WHAT THE EXERCISE ASKS »
Output all of the lines below exactly, and leave out each image.

DATASET SECTION »
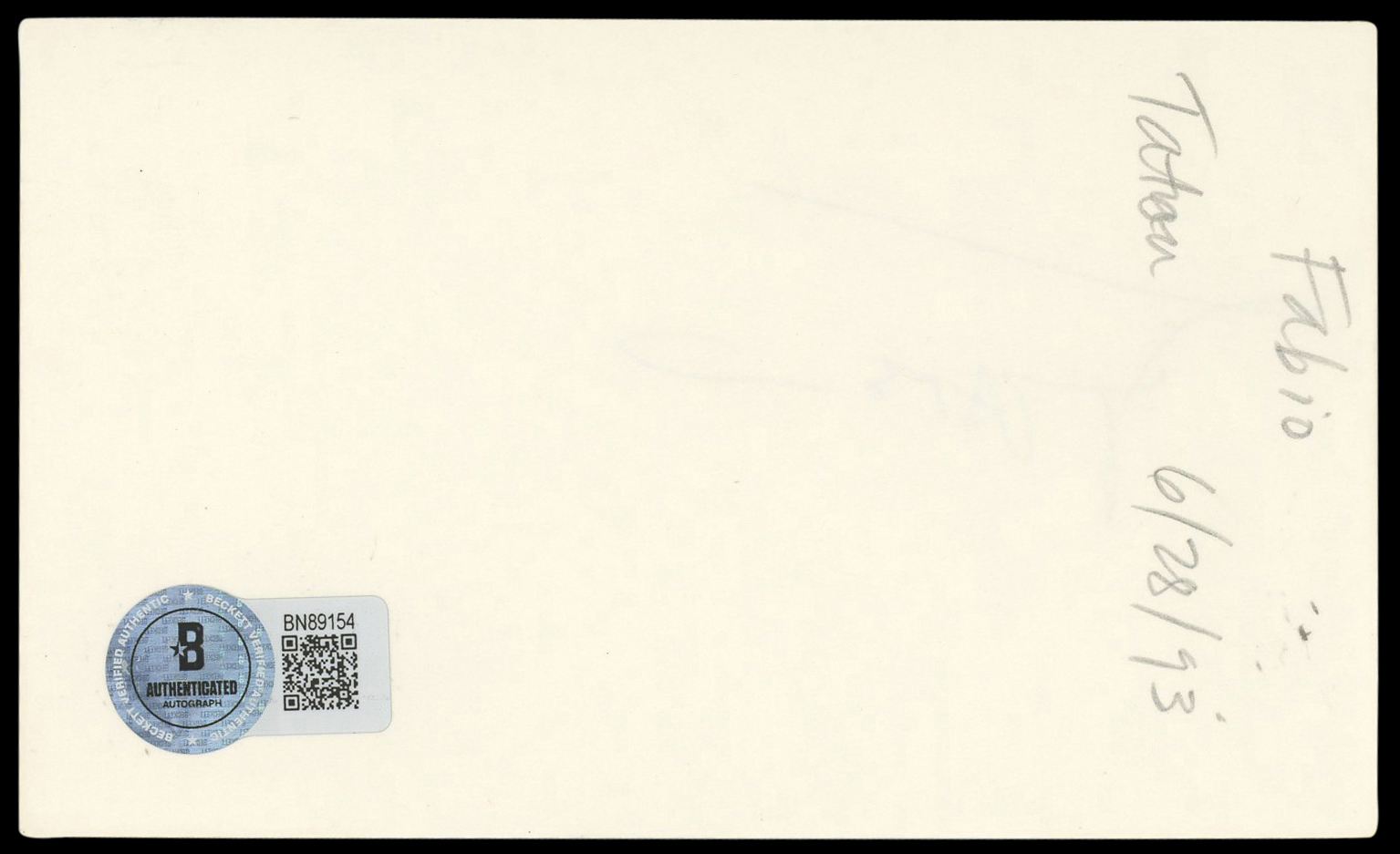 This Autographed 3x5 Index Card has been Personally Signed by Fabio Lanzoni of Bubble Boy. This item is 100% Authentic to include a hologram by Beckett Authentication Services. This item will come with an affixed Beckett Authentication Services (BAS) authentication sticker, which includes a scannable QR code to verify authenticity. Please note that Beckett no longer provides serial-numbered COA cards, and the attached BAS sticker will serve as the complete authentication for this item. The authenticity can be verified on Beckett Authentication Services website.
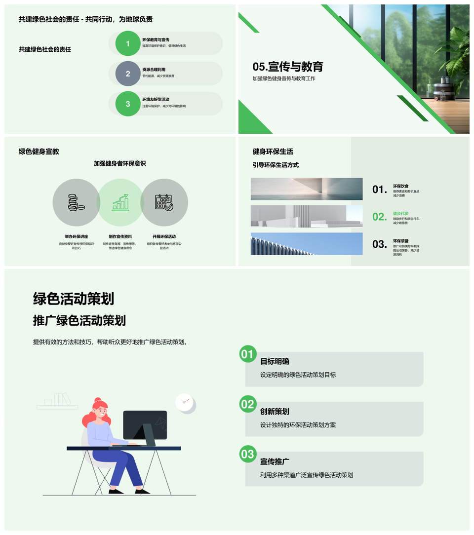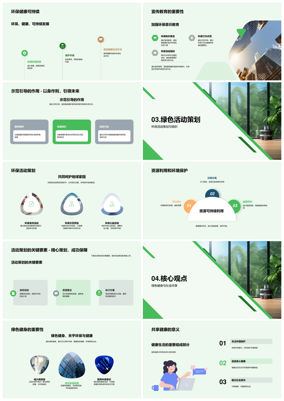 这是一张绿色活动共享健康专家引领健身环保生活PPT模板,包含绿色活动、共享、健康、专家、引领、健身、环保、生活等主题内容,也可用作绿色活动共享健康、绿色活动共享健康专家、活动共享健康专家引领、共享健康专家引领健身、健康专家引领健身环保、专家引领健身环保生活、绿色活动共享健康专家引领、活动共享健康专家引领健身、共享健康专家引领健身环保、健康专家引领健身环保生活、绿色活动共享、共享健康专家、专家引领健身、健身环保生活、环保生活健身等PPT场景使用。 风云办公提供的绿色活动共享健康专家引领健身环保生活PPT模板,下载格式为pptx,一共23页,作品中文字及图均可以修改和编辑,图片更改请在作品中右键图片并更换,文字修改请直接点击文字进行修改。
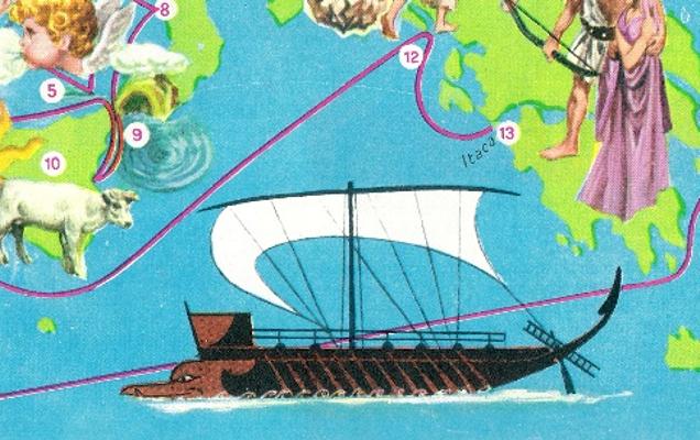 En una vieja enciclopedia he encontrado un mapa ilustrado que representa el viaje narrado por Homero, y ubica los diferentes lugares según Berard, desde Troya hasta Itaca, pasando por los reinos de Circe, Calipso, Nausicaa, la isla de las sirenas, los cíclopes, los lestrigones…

RESPONSE TO THE EXERCISE »
 This Autographed 3x5 Index Card has been Personally Signed by Fabio Lanzoni of Bubble Boy. This item is 100% Authentic to include a hologram by Beckett Authentication Services. This item will come with an affixed Beckett Authentication Services (BAS) authentication sticker, which includes a scannable QR code to verify authenticity. Please note that Beckett no longer provides serial-numbered COA cards, and the attached BAS sticker will serve as the complete authentication for this item. The authenticity can be verified on Beckett Authentication Services website.
 这是一张绿色活动共享健康专家引领健身环保生活PPT模板,包含绿色活动、共享、健康、专家、引领、健身、环保、生活等主题内容,也可用作绿色活动共享健康、绿色活动共享健康专家、活动共享健康专家引领、共享健康专家引领健身、健康专家引领健身环保、专家引领健身环保生活、绿色活动共享健康专家引领、活动共享健康专家引领健身、共享健康专家引领健身环保、健康专家引领健身环保生活、绿色活动共享、共享健康专家、专家引领健身、健身环保生活、环保生活健身等PPT场景使用。 风云办公提供的绿色活动共享健康专家引领健身环保生活PPT模板,下载格式为pptx,一共23页,作品中文字及图均可以修改和编辑,图片更改请在作品中右键图片并更换,文字修改请直接点击文字进行修改。
 En una vieja enciclopedia he encontrado un mapa ilustrado que representa el viaje narrado por Homero, y ubica los diferentes lugares según Berard, desde Troya hasta Itaca, pasando por los reinos de Circe, Calipso, Nausicaa, la isla de las sirenas, los cíclopes, los lestrigones…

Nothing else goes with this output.